Dengan mengedepankan prinsip tawadhu, sebab penulis sendiri sebagai seorang mahasiswa merasa sudah selesai dengan diskursus kemanusiaan, pluralisme, serta kebinekaan pawa awal-awal semester penulis berkuliah.

Terlepas dari strategi apa yang dimainkan untuk mendulang popularitas setiap Bakal Calon tindakan ini sungguh jauh dari nilai-nilai kemanusiaan (Human Vilues) nilai yang menjadi sari patih dari demokrasi. Bagi mereka yang mendarmabaktikan pikiran dan hidup mereka guna terwujudnya demokrasi yang sehat, kemanusiaan yang adil dan beradap maka tindakan tersebut haruslah pantas kecam.
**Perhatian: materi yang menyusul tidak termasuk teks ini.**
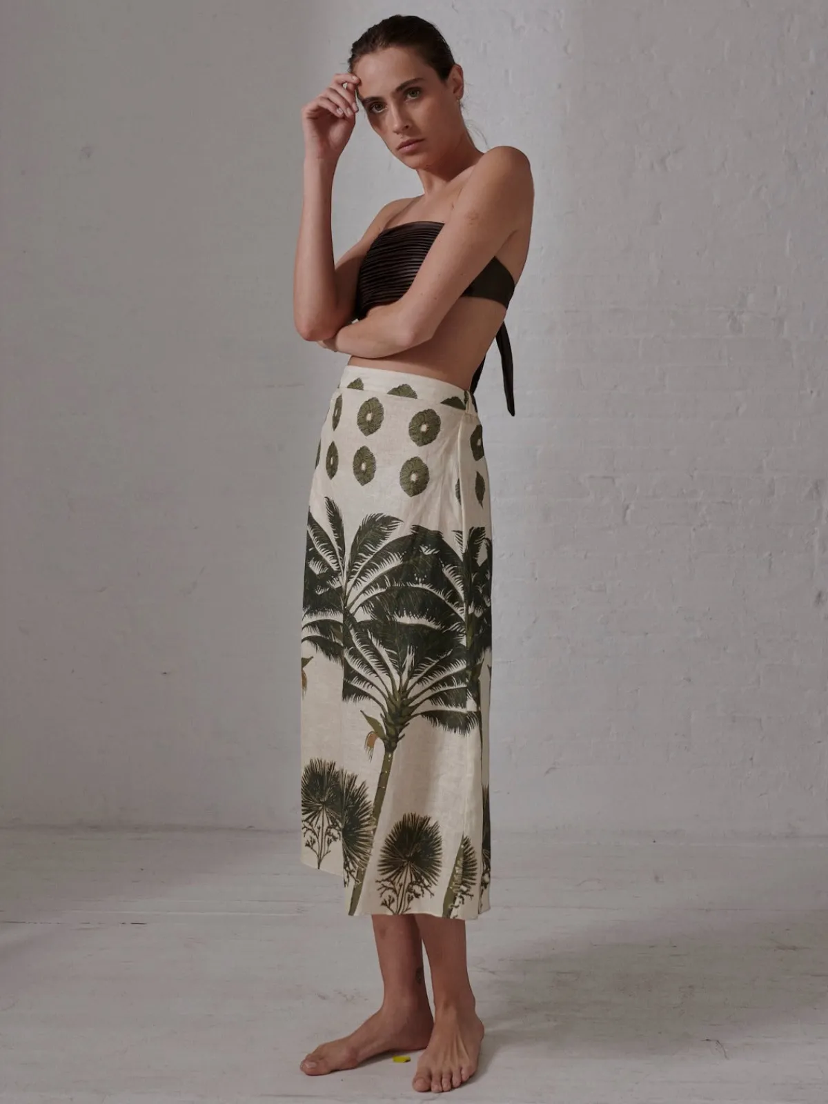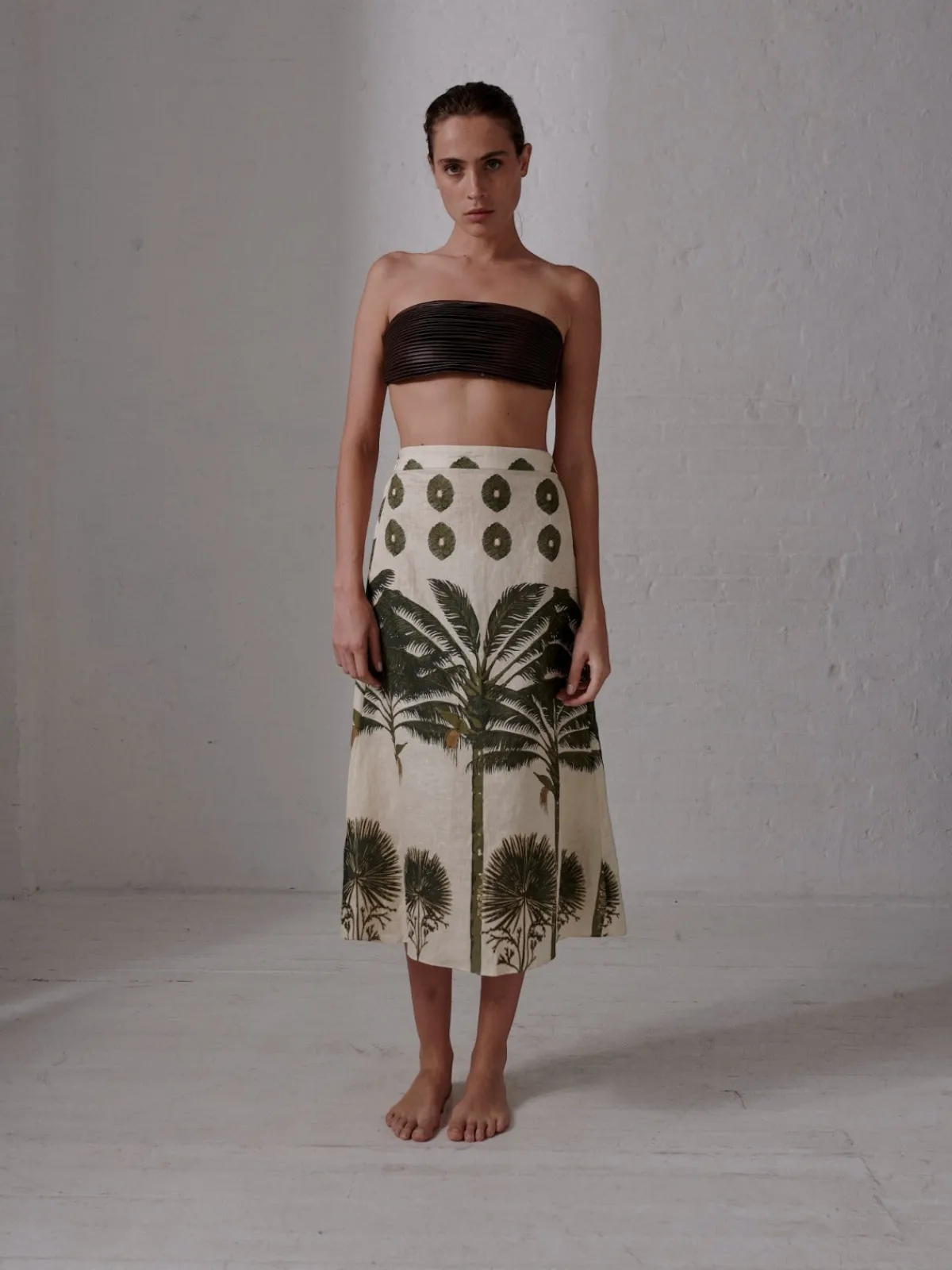 Pull-on style”}’>Our Juan de DiosBeatrice Skirt in Cream Palms is a midi length skirt that is pull on style. Pair with a bikini top for the ultimate vacation look.Handcrafted in Colombia by female heads of households.

Pada akhirnya penulis ingin mengingatkan agar demokasi itu sehat ia harus berjalan diatas rel hukum Constitutional Democracy, setiap orang merdeka untuk berpendapat tetapi pendapat itu tidak dibenarkan membunuh kemerdekaan nurani orang lain. Bertikailah dengan gagasan sebab itu adalah elemen penting dalam demokrasi.

Kebebasan berpendapat masyarakat sipil tidak boleh diberangus sebab itu dapat mematikan demokrasi. Demikian pula perdebatan pemikiran produktif elit politik harus ditumbuhkan karena itu dapat menghidupkan demokrasi.